I have this code which produces a Value error.
y = df['weather type']
# y is an array with the 11 unique values 0, 1, 2, 3, 4, 5, 6, 7, 8, 9, 10
# and of an 'object' type:
array([10, 10, 10, ..., 10, 10, 9])
# Encode the target variable (weather type) to numeric values -
# not sure if I should have done this step because it seems to have messed up my target labels?
y_le = LabelEncoder()
y = y_le.fit_transform(y)
# the unique values of y_le.classes_ are '0', '1', '10', '11', '12', '2', '3', '5', '6', '7', '8'
# the unique values of y_val are 0, 1, 3, 4, 5, 6, 7, 8, 9, 10
# Initialize the XGBoost classifier
xgb_model = xgb.XGBClassifier(objective='multi:softmax', num_class=len(le.classes_))
# Train the model
xgb_model.fit(X_train, y_train)
# Make predictions on the validation set
y_pred_val = grid_search.predict(X_val)
# Evaluate the model
# Print classification report and confusion matrix
print("nClassification Report:n", classification_report(y_val, y_pred_val, target_names=y_le.classes_))
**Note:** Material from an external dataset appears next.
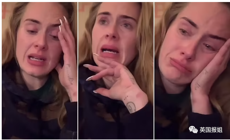 然而最终,粉丝们等到的,是一段阿黛尔哭泣的视频。

The value error is as follows:
--------------------------------------------------------------------------
ValueError Traceback (most recent call last)
Cell In[292], line 6
2 y_pred_val = xgb_model.predict(X_val)
4 # Evaluate the model
5 # Print classification report and confusion matrix
----> 6 print("nClassification Report:n", classification_report(y_val, y_pred_val, target_names=y_le.classes_))
7 #print("nClassification Report:n", classification_report(y_val, y_pred_val, labels=range(len(y_le.classes_)), target_names=y_le.classes_))
File ~anaconda3libsite-packagessklearnmetrics_classification.py:2332, in classification_report(y_true, y_pred, labels, target_names, sample_weight, digits, output_dict, zero_division)
2326 warnings.warn(
2327 "labels size, {0}, does not match size of target_names, {1}".format(
2328 len(labels), len(target_names)
2329 )
2330 )
2331 else:
-> 2332 raise ValueError(
2333 "Number of classes, {0}, does not match size of "
2334 "target_names, {1}. Try specifying the labels "
2335 "parameter".format(len(labels), len(target_names))
2336 )
2337 if target_names is None:
2338 target_names = ["%s" % l for l in labels]
ValueError: Number of classes, 10, does not match size of target_names, 11. Try specifying the labels parameter
as far as I can see, I have already set target_names=y_le.classes_.
How to fix this?
Additionally my target variable, weather_type is an ‘object’ data type, and I am not sure if I should converted it to numeric for an XGBoost multi-classification model?